I am now back from a few days away over Christmas visiting my daughter and her family, having had a wonderful time and being thoroughly spoilt with fantastic food each day. Driving there and back in torrential rain, mist and spray was rather worrying at the time  but when I got back, found the garden flooded once more, everywhere is absolutely sodden. In spite of this I managed to get out yesterday to take some photos and found a few surprises waiting for me.

No 1  Camellia Donation

While away, my camellia decided to open up quite a few of its flower buds.

This was the first plant that I planted in the garden here when we moved over 30 yrs ago. It usually starts flowering in November, but not this year, I’m glad it managed it in December though!

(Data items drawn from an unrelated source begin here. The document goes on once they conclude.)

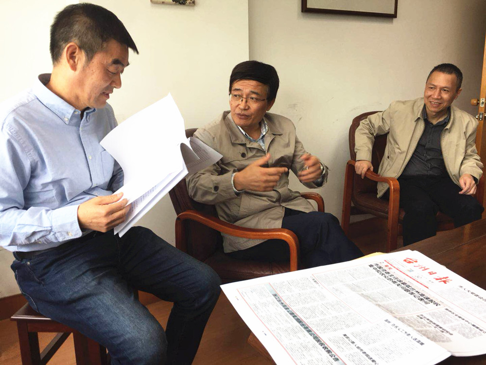 圖為市國資委主任徐豪和集團(tuán)總經(jīng)理張建平一起走訪市財政局股東單位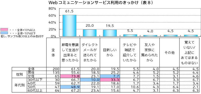 4. 現状のWebコミュニケーションサービスの利用のきっかけは「節電を意識して生活が出来ると思ったから」
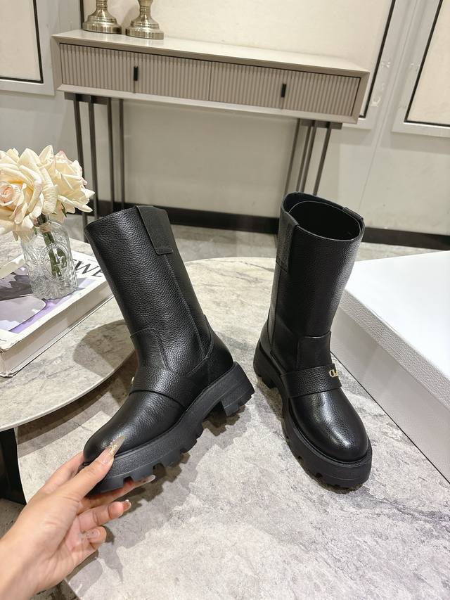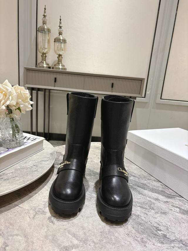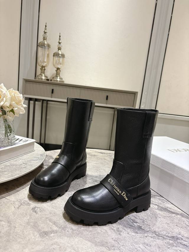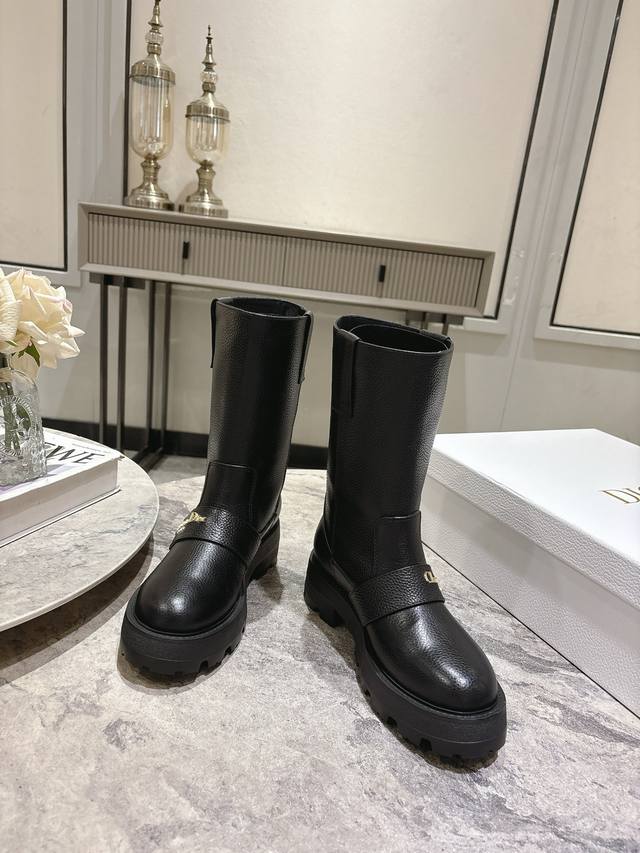 Dior 2025 Fall/Winter New D-Quest Series Punk Style Cannage Embroidered Women's Boots, Celebrity Style, Cd Logo Hardware Buckle Motorcycle Boots, Low Heel, Thick Sole, Round Toe, Slip-on Mid-calf Rider Boots. Material: Imported calfskin upper + water-dyed cowhide lining + original mold TPU outsole + original mold hardware buckle. Heel height: 4.5cm. Size: 35-41 (Standard size 40/41). Custom orders are non-refundable.

No 2  Galanthus Faringdon double

These are the bulbs that were split to be moved by the hosta in the back garden, not all of them went, these were planted on the slope at the end of the woodland and seem to have settled in nicely.

No 3 Euonymous europaeus.

The seedpods on the Euonymous are still shining brightly in the woodland, making a nice splash of colour.

no 4  Galanthus Little John.

G. Little John is another early flowerer and tall with it. There were no signs of flowers before I went away, but now it is opening up nicely.

No 5  Iris unguicularis

I. unguicularis is still putting up more flowers, lots more to come hopefully as they don’t last very long.

No 6   Clematis Winter Beauty

I’ve been waiting for some time for my clematis to open its flower buds, they were tight shut on Christmas Eve.

But over the weekend they opened up and the flowers were there to greet me when I returned. To me they look just like a swag of jingle bells!

I hope you agree, they were well worth the wait!

The weather here in the SW of England has been very mild, we haven’t had our first frost yet. I know some plants flower depending on the length of daylight and some on temperature but do any need a spell of frost to trigger forming flower buds? We usually have a frost in November and I’m wondering if that is why some of my flowers are so behind, my Narcissus Rijnvelds Early Sensation are way behind , no sign of any flower buds yet, never mind flowers and normally they are flowering by Christmas, can any of you help?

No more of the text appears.